E — Else (Normal operation):

Raft is designed for strong consistency. All reads and writes go through the leader. Write requests are replicated to a majority before being acknowledged. Reads can also go through the leader (guaranteed consistent) or use read-index/lease mechanisms (consistent with some optimization).

Raft provides EC (strong consistency) during normal operation, at the cost of some latency (two round trips for writes: leader → followers → leader acknowledgment).

Raft provides PC/EC. This is exactly what systems like etcd, ZooKeeper (ZAB, which is Raft-like), and Consul provide.

Solution 3

PC/EL is theoretically impossible. Here’s why:

PC means: during a partition, the system chooses Consistency over Availability. To be consistent, nodes must coordinate (e.g., via quorum, leader-based replication).
EL means: in normal operation (no partition), the system chooses Latency over Consistency — it uses fast, uncoordinated operations that might return stale data.

The contradiction:

If you’re willing to accept stale data in normal operation (EL), why would you enforce strong consistency during a partition (PC)? The partition is precisely when maintaining consistency is HARDEST (network is broken). If you don’t enforce consistency when the network works, you certainly can’t enforce it when the network is broken.

More formally:

EL implies that in normal operation, you use techniques like reading from one replica (no quorum coordination).
But for PC, during a partition, you need quorum-based coordination to maintain consistency.
The system would need to somehow “switch” from non-coordinated mode to coordinated mode during a partition. But a partition is the worst time to switch to a coordination-heavy mode — you can’t coordinate because the network is broken!

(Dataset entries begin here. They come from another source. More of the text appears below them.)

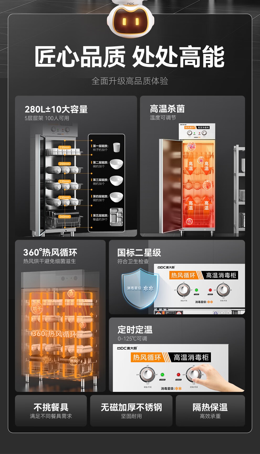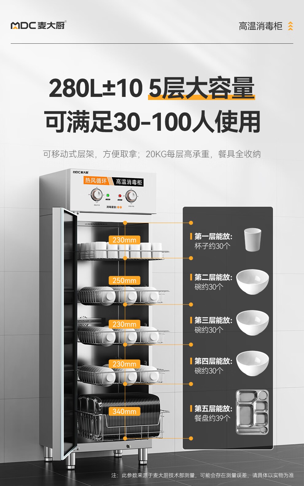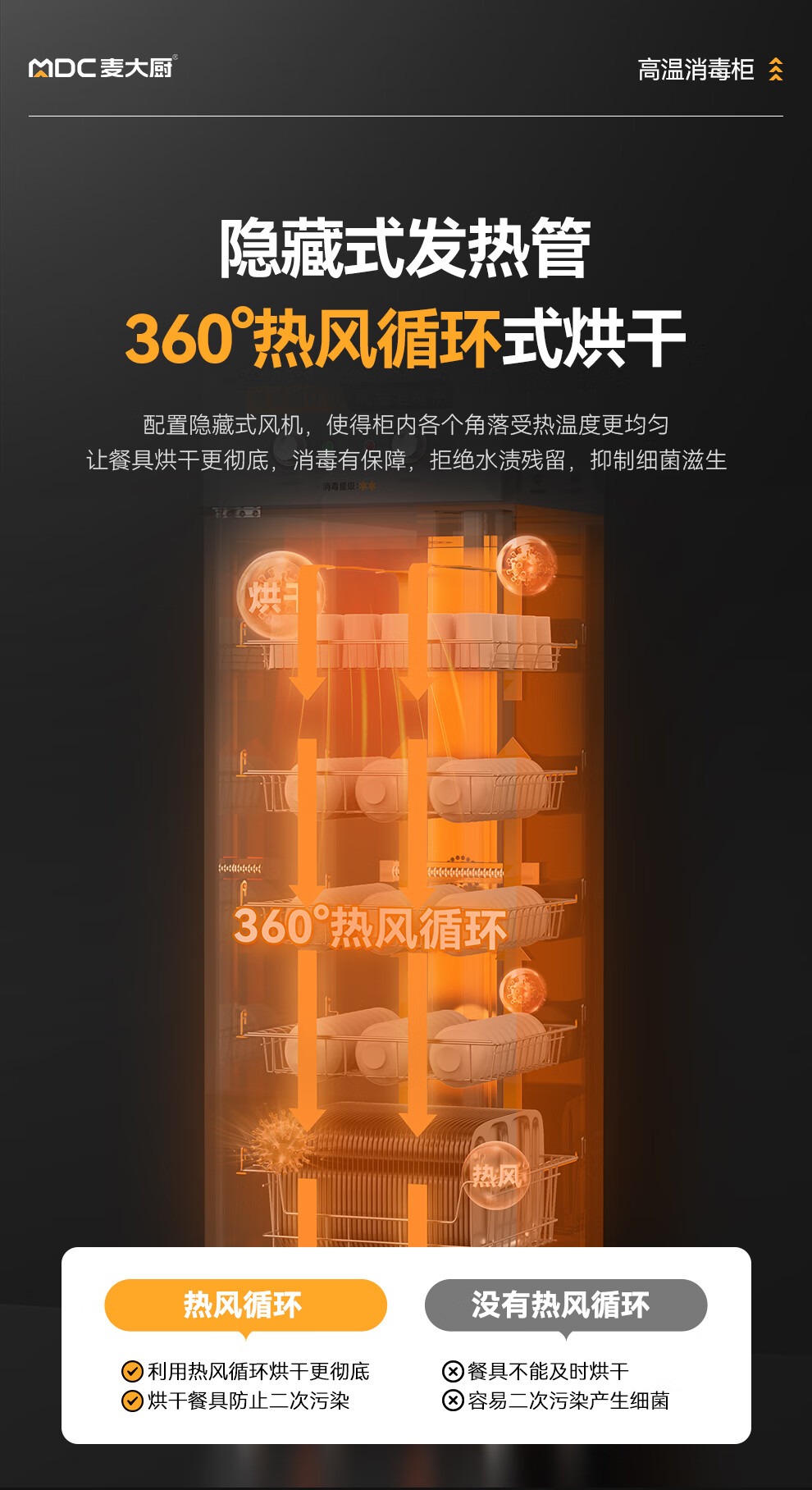 麥大廚經(jīng)典旋鈕款5層單門單控熱風循環(huán)高溫消毒柜920W
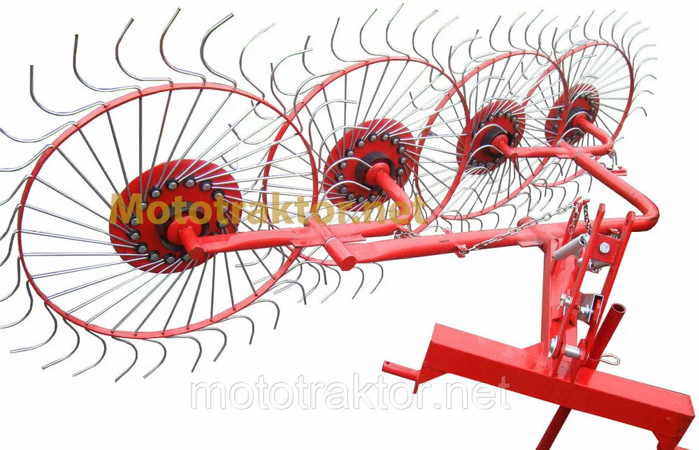 Вращение дисков происходит очень легко, за счет установленных качественных подшипников. Пруты для граблей-ворошилок должны быть прочными и одновременно пружинистыми, поэтому изготавливаются из высоко углеродистой стали.
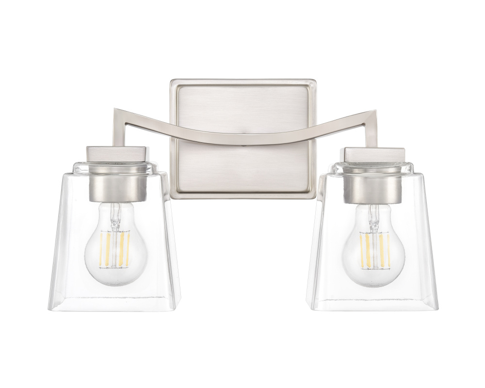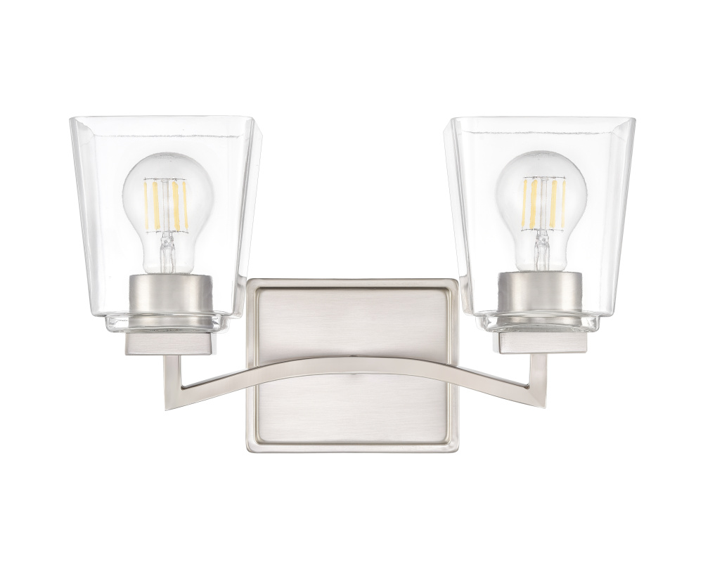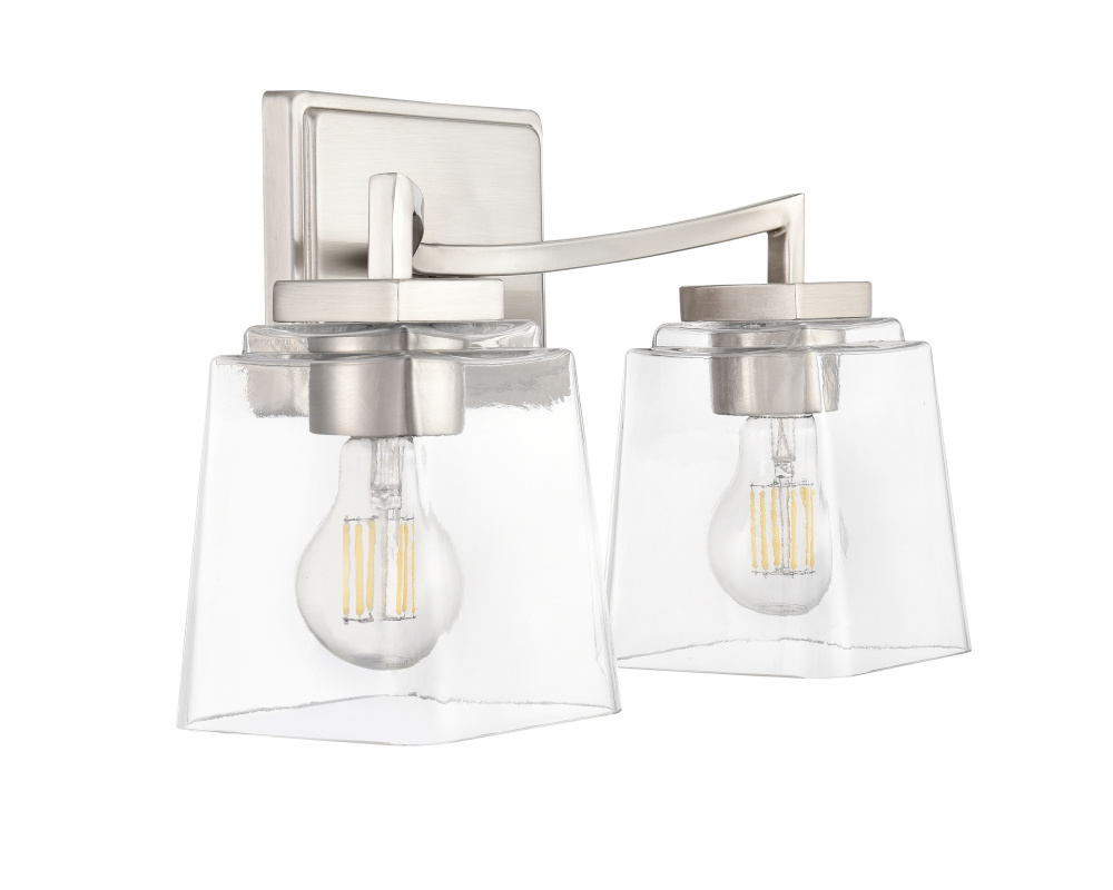 Sleek arced lines and unique square-shaped, clear glass globes infuse the Avenna Family of vanity lighting with a dynamic sense of motion and an elegant flair. Finished in modern gold, polished nickel, matte black, or brushed nickel these exquisite fixtures are available in 2- or 3-light options. Perfect for any interior design scheme, these vanity lights transform any bath space with a bold and sumptuous design statement.
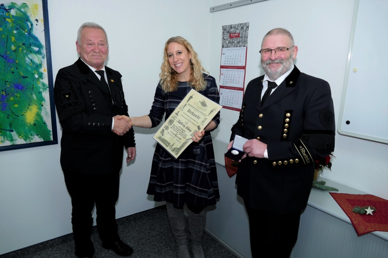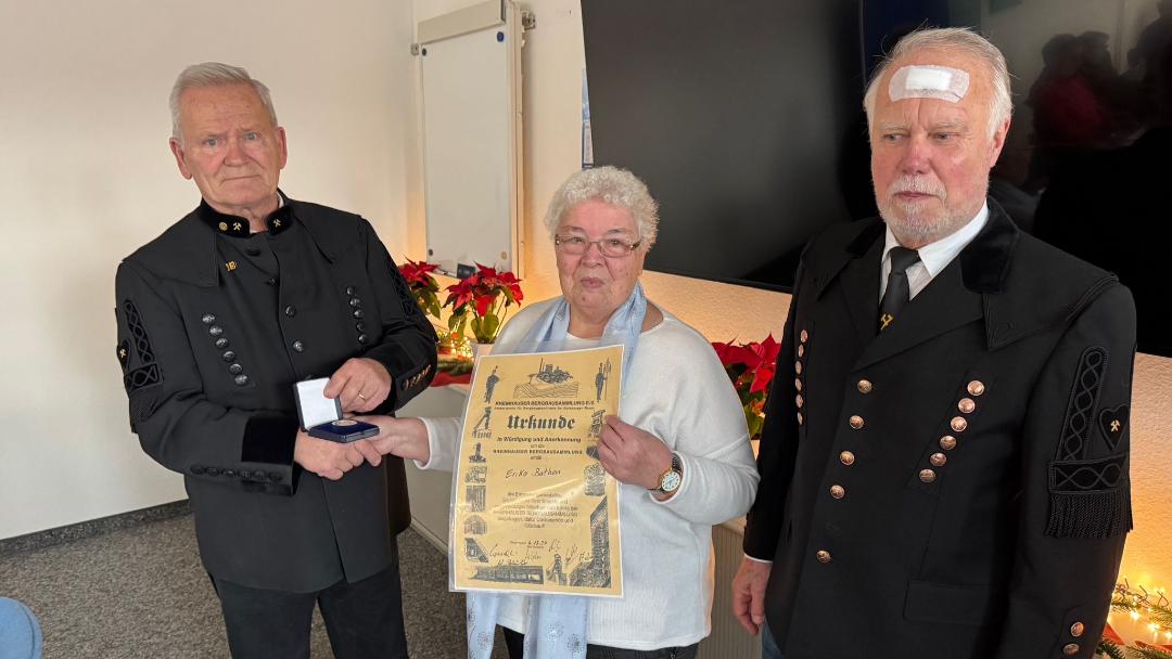 Im Rahmen der Barbarafeier der Bergbausammlung am 6. Dezember wurde Kathrin Hänig mit Verdienstmedaille und Urkunde in einem feierlichen Rahmen in den Räumen der Caritas Werkstätten Niederrhein in Rheinhausen geehrt.

Practical attempt at PC/EL:

You might try: “Use fast uncoordinated reads normally, but during a partition, block all reads.” That’s not PC/EL — blocking reads is not EL (it’s not low latency).

You might try: “Pre-configure all nodes with a consistent snapshot, so reads during a partition are fast AND consistent.” But this requires coordination to PREPARE the snapshot — you’ve just moved the coordination to a different time.

PC/EL is a contradiction in terms. Consistency requires coordination, and coordination adds latency. You can minimize the latency through optimization, but you cannot eliminate it. Systems like Spanner are PC/EC — they accept the latency cost for consistency.

Solution 4

Recommended class: PA/EL

Reasoning:

The constraints are:

Latency SLA < 50ms → The system must be fast. PC/EC systems like Spanner add 10-50ms for coordination, eating the entire budget.
Cannot drop requests during partition → The system must be Available.
Can afford to lose some bid data → Inconsistency is tolerable (within reason).

Combining these: PA (must be available during partition) + EL (must be fast in normal operation = eventual consistency).

Database choices:

Cassandra (CL=ONE for both reads and writes):
- Writes are fast (commit log + memtable, acknowledged immediately).
- Reads are fast (read from one replica).
- During partition, continues accepting writes.
- Downside: bids might be lost in conflicts (LWW resolution).
- Mitigation: use client-side timestamps and accept some data loss.
Redis Cluster (async replication):
- Extremely low latency (in-memory).
- During partition, each side continues.
- Downside: data loss is possible (async replication).
- Acceptable for bidding (losing a bid = lost revenue, but better than dropping all bids).
Custom in-memory cache + async write to durable store:
- Keep bid state in a distributed cache (Redis/Memcached).
- Async writes to Cassandra/PostgreSQL for durability.
- Trade-off: bid data is ephemeral; losing recent bids is OK.
- This is a common real-world RTB architecture.

Why NOT PC/EC:

Spanner: 10-50ms latency is too high for the 50ms SLA.
ZooKeeper/etcd: too slow (all writes through leader).
MongoDB (primary reads): a single primary becomes a bottleneck and latency risk.

Best answer: PA/EL, implemented with Cassandra (CL=ONE) or Redis Cluster. Accept some data loss as a trade-off for speed and availability.